Dataset items:

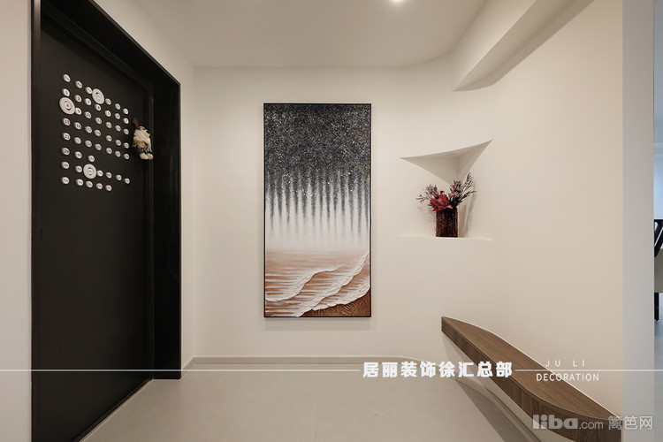玄关处,设计师做了石膏板造型墙对玄关区进行装饰,利用圆弧造型弱化了房梁。在造型墙的后面做了一个储物区,方便储物和收纳日常替换衣物等。
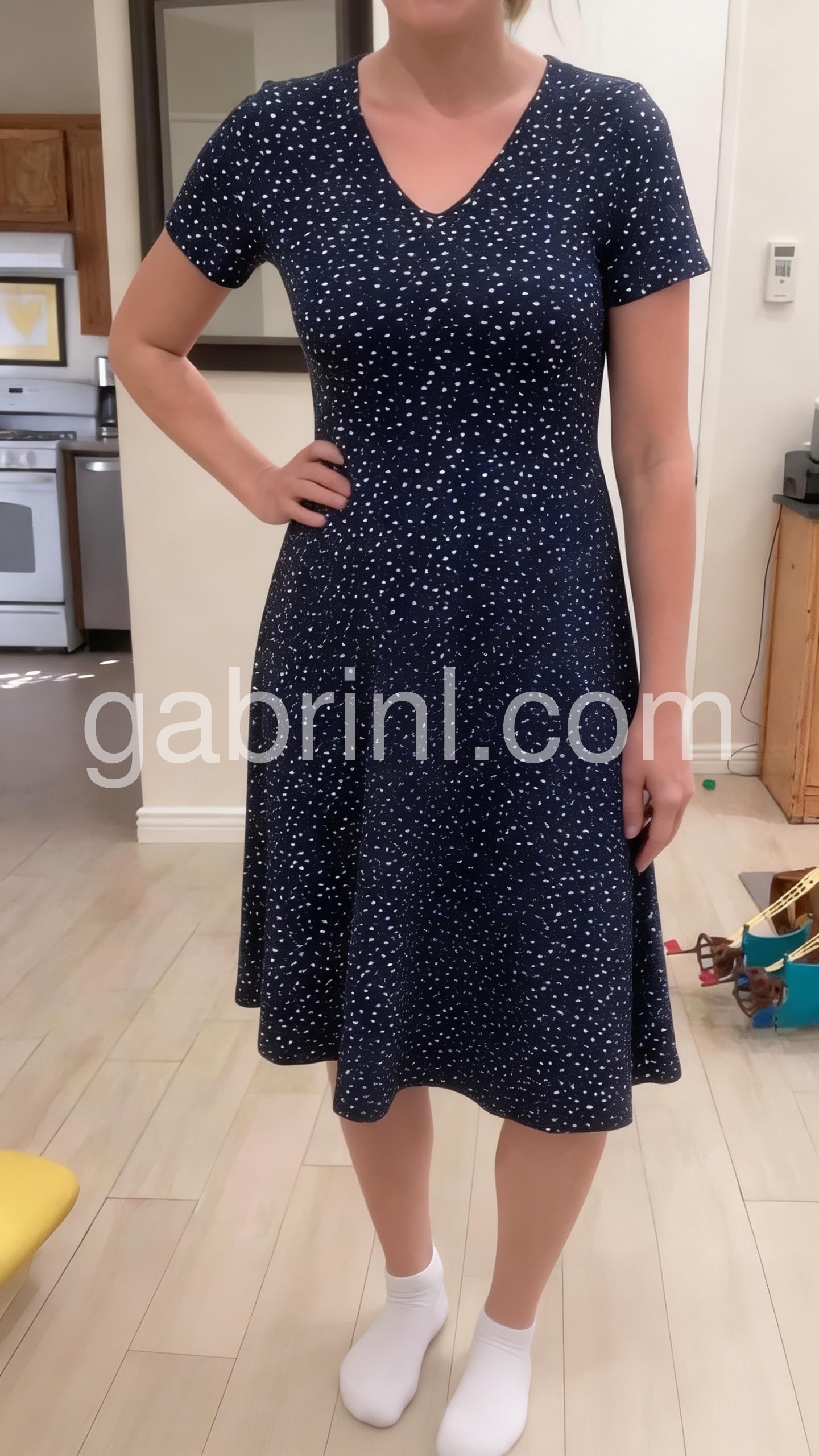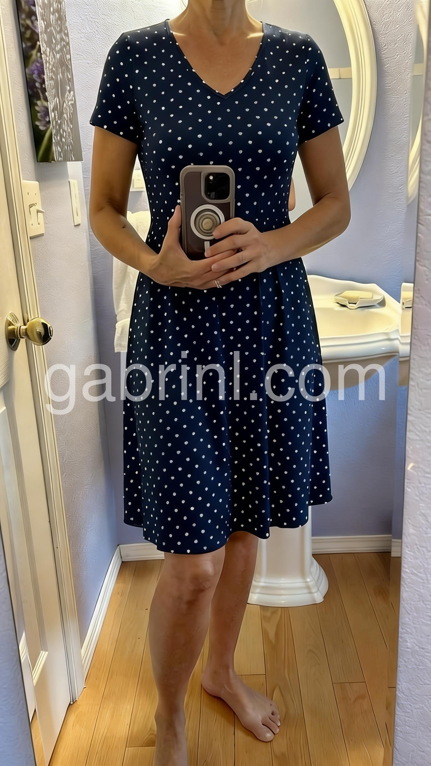 Effortless elegance meets playful charm in this navy midi dress—the kind of piece that makes you feel polished without trying. The flattering V-neckline draws the eye upward while delicate flutter sleeves frame your shoulders with understated grace. Crisp white polka dots dance across the navy canvas, creating visual interest that photographs beautifully.
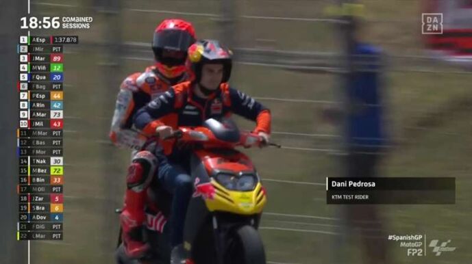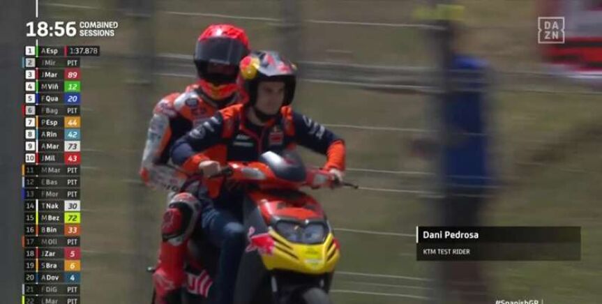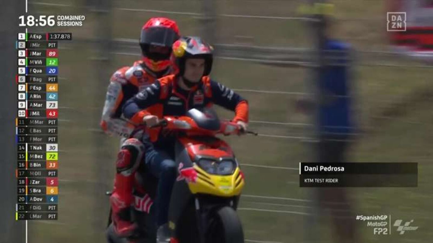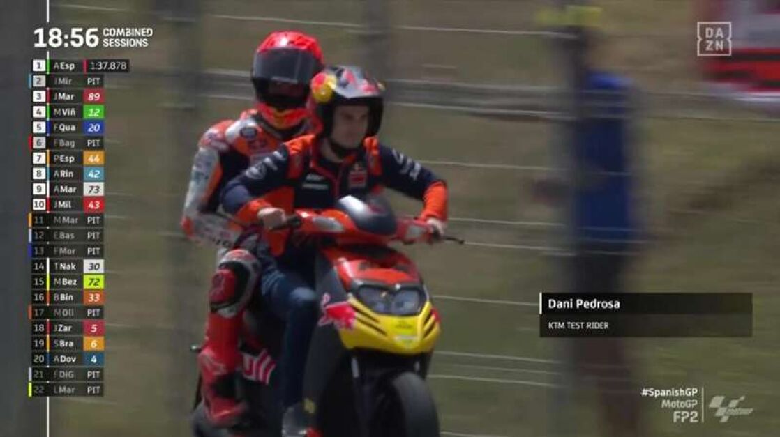 Porque un día formaron un equipo de ensueño en Honda 😍 Porque hoy son parte de la imagen del día en Jerez 🤩@26_DaniPedrosa recogiendo en scooter a @marcmarquez93 después de caerse y llevándolo de vuelta a su box. ¡No apto para nostálgicos! 🥰#SpanishGP 🇪🇸 #MotoGP 🏁 pic.twitter.com/JWyYdWUhQu
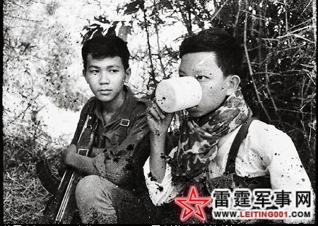 两个年纪很小的越共游击队员在西贡数英里外休息,喝水的那个眼神很肃杀啊!(1967)
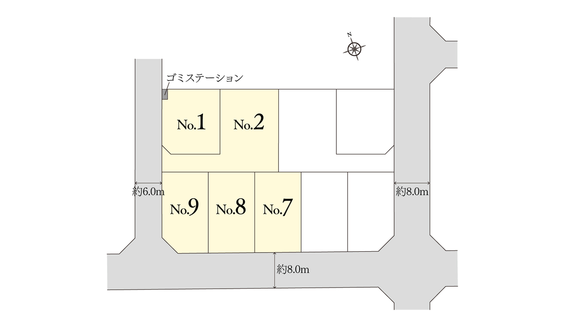 | 建物面積 | - | 土地面積 | 182.91m2(1区画)~297.51m2(1区画) |
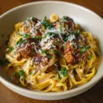This easy garlic butter meatballs recipe served over creamy Parmesan linguine combines tender, flavorful meatballs with a rich and velvety pasta sauce. The dish features perfectly browned meatballs sautéed in garlic butter paired with linguine tossed in a luscious Parmesan cream sauce, making it an ideal comforting Italian-inspired main course for any night of the week.
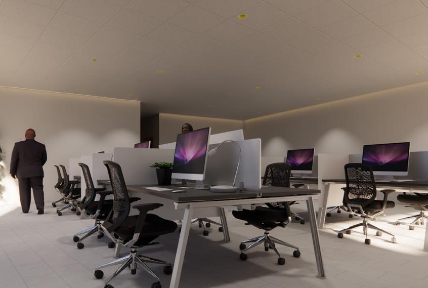 The ground floor includes workstations for four staff members, a visitor lounge, and a kitchenette, supporting both focused work and informal interaction. The first floor houses the client’s private office and a meeting room, providing a quieter environment for concentrated tasks and discussions.
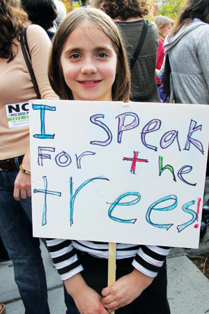 - A young environmentalist in Washington Square Park at Friday’s mass march and rally against the N.Y.U. 2031 mega-development plan.
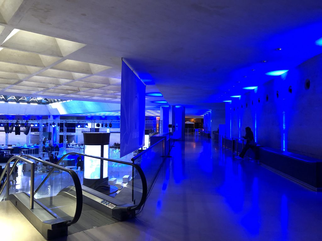 Despite the short setup time, guests who arrived at the event (a 60th anniversary celebration for the DEF Network group of fire prevention companies) were treated to a stunning and stylishly designed setting for their gala. This was evident to them as soon as they entered the reception area via a spiral staircase and encountered a vista of richly saturated blue light from 90 WELL Fit fixtures.
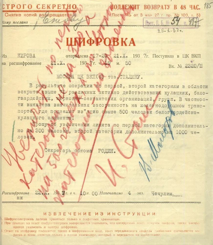 Хотя, как правило, подобные решения оформлялись постановлением Политбюро ЦК ВКП(б). Обычно сколько просили, столько и давали. Но были и примеры сталинской «щедрости». Вот один из них, весьма показательный. Первый секретарь Кировского обкома Михаил Родин обратился с просьбой об увеличения «лимита» по первой категории на 300 человек, а по второй — на 1000. Сталин почему-то решил по-своему. Ему показалось мало, и резолюция гласила: «Увеличить по первой категории не на 300, а на 500 человек, а по второй категории — на 800 человек».
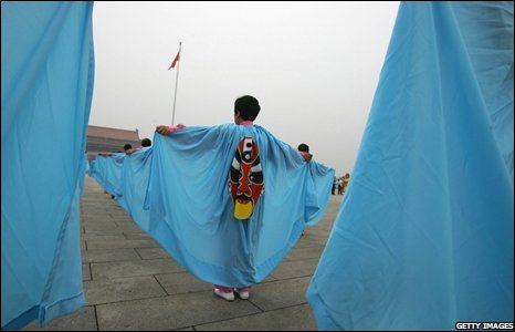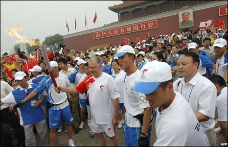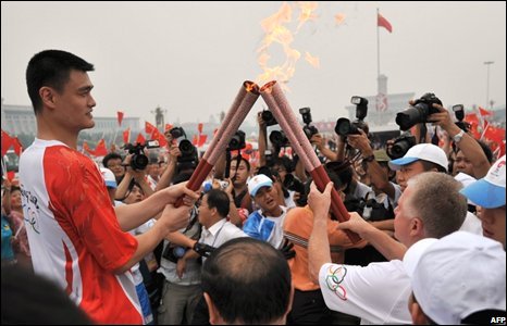 Vận động viên bóng rổ nổi tiếng của Trung Quốc, Yao Ming, người cao 2m28, rước đuốc qua quảng trường Thiên An Môn.
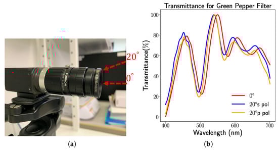 As illustrated in Figure 4, the Chroma Technology Corporation successfully fabricated the optical filter designed by our previous proposal method Optical Filter Net [3] for green pepper segmentation. Figure 4a demonstrates our fabricated optical filter with a machine vision camera system. We called our fabricated optical filter a Green Pepper Filter. Our Green Pepper Filter was made for the M filter thread. The camera in our system is the LUCID Vision Triton 5.0 Camera equipped with a 2/3 inch Sony IMX264 CMOS sensor [25]. The objective lens is FUJINON HF12 XA-5M 1:1.6/12mm. As shown in Figure 4b, our Green Pepper Filter cannot guarantee the stability of the transmittance curve for the oblique incident. Our implemented optical thin film comprises the (refractive index ) and (refractive index ), and the layer number is 60, whereas the thickness of each thin layer of the Green Pepper Filter is unknown to us. To facilitate implementing our wide-angle optical filter design, we follow similar parameters setting with our already implemented optical thin film, e.g., the same materials and same number of layers. Optical glass (refractive index ) is chosen as a substrate in our experiment. The whole structure of our optical filter is based on an elemental type thin film structure, which can be described by {Air|2.3|1.46|…|2.3|1.46|Optical Glass}.

To do: Could you restate every record above word for word, leaving the pictures out?

Response for this exercise:
玄关处,设计师做了石膏板造型墙对玄关区进行装饰,利用圆弧造型弱化了房梁。在造型墙的后面做了一个储物区,方便储物和收纳日常替换衣物等。
 Effortless elegance meets playful charm in this navy midi dress—the kind of piece that makes you feel polished without trying. The flattering V-neckline draws the eye upward while delicate flutter sleeves frame your shoulders with understated grace. Crisp white polka dots dance across the navy canvas, creating visual interest that photographs beautifully.
 Porque un día formaron un equipo de ensueño en Honda 😍 Porque hoy son parte de la imagen del día en Jerez 🤩@26_DaniPedrosa recogiendo en scooter a @marcmarquez93 después de caerse y llevándolo de vuelta a su box. ¡No apto para nostálgicos! 🥰#SpanishGP 🇪🇸 #MotoGP 🏁 pic.twitter.com/JWyYdWUhQu
 两个年纪很小的越共游击队员在西贡数英里外休息,喝水的那个眼神很肃杀啊!(1967)
 | 建物面積 | - | 土地面積 | 182.91m2(1区画)~297.51m2(1区画) |
This easy garlic butter meatballs recipe served over creamy Parmesan linguine combines tender, flavorful meatballs with a rich and velvety pasta sauce. The dish features perfectly browned meatballs sautéed in garlic butter paired with linguine tossed in a luscious Parmesan cream sauce, making it an ideal comforting Italian-inspired main course for any night of the week.
 The ground floor includes workstations for four staff members, a visitor lounge, and a kitchenette, supporting both focused work and informal interaction. The first floor houses the client’s private office and a meeting room, providing a quieter environment for concentrated tasks and discussions.
 - A young environmentalist in Washington Square Park at Friday’s mass march and rally against the N.Y.U. 2031 mega-development plan.
 Despite the short setup time, guests who arrived at the event (a 60th anniversary celebration for the DEF Network group of fire prevention companies) were treated to a stunning and stylishly designed setting for their gala. This was evident to them as soon as they entered the reception area via a spiral staircase and encountered a vista of richly saturated blue light from 90 WELL Fit fixtures.
 Хотя, как правило, подобные решения оформлялись постановлением Политбюро ЦК ВКП(б). Обычно сколько просили, столько и давали. Но были и примеры сталинской «щедрости». Вот один из них, весьма показательный. Первый секретарь Кировского обкома Михаил Родин обратился с просьбой об увеличения «лимита» по первой категории на 300 человек, а по второй — на 1000. Сталин почему-то решил по-своему. Ему показалось мало, и резолюция гласила: «Увеличить по первой категории не на 300, а на 500 человек, а по второй категории — на 800 человек».
 Vận động viên bóng rổ nổi tiếng của Trung Quốc, Yao Ming, người cao 2m28, rước đuốc qua quảng trường Thiên An Môn.
 As illustrated in Figure 4, the Chroma Technology Corporation successfully fabricated the optical filter designed by our previous proposal method Optical Filter Net [3] for green pepper segmentation. Figure 4a demonstrates our fabricated optical filter with a machine vision camera system. We called our fabricated optical filter a Green Pepper Filter. Our Green Pepper Filter was made for the M filter thread. The camera in our system is the LUCID Vision Triton 5.0 Camera equipped with a 2/3 inch Sony IMX264 CMOS sensor [25]. The objective lens is FUJINON HF12 XA-5M 1:1.6/12mm. As shown in Figure 4b, our Green Pepper Filter cannot guarantee the stability of the transmittance curve for the oblique incident. Our implemented optical thin film comprises the (refractive index ) and (refractive index ), and the layer number is 60, whereas the thickness of each thin layer of the Green Pepper Filter is unknown to us. To facilitate implementing our wide-angle optical filter design, we follow similar parameters setting with our already implemented optical thin film, e.g., the same materials and same number of layers. Optical glass (refractive index ) is chosen as a substrate in our experiment. The whole structure of our optical filter is based on an elemental type thin film structure, which can be described by {Air|2.3|1.46|…|2.3|1.46|Optical Glass}.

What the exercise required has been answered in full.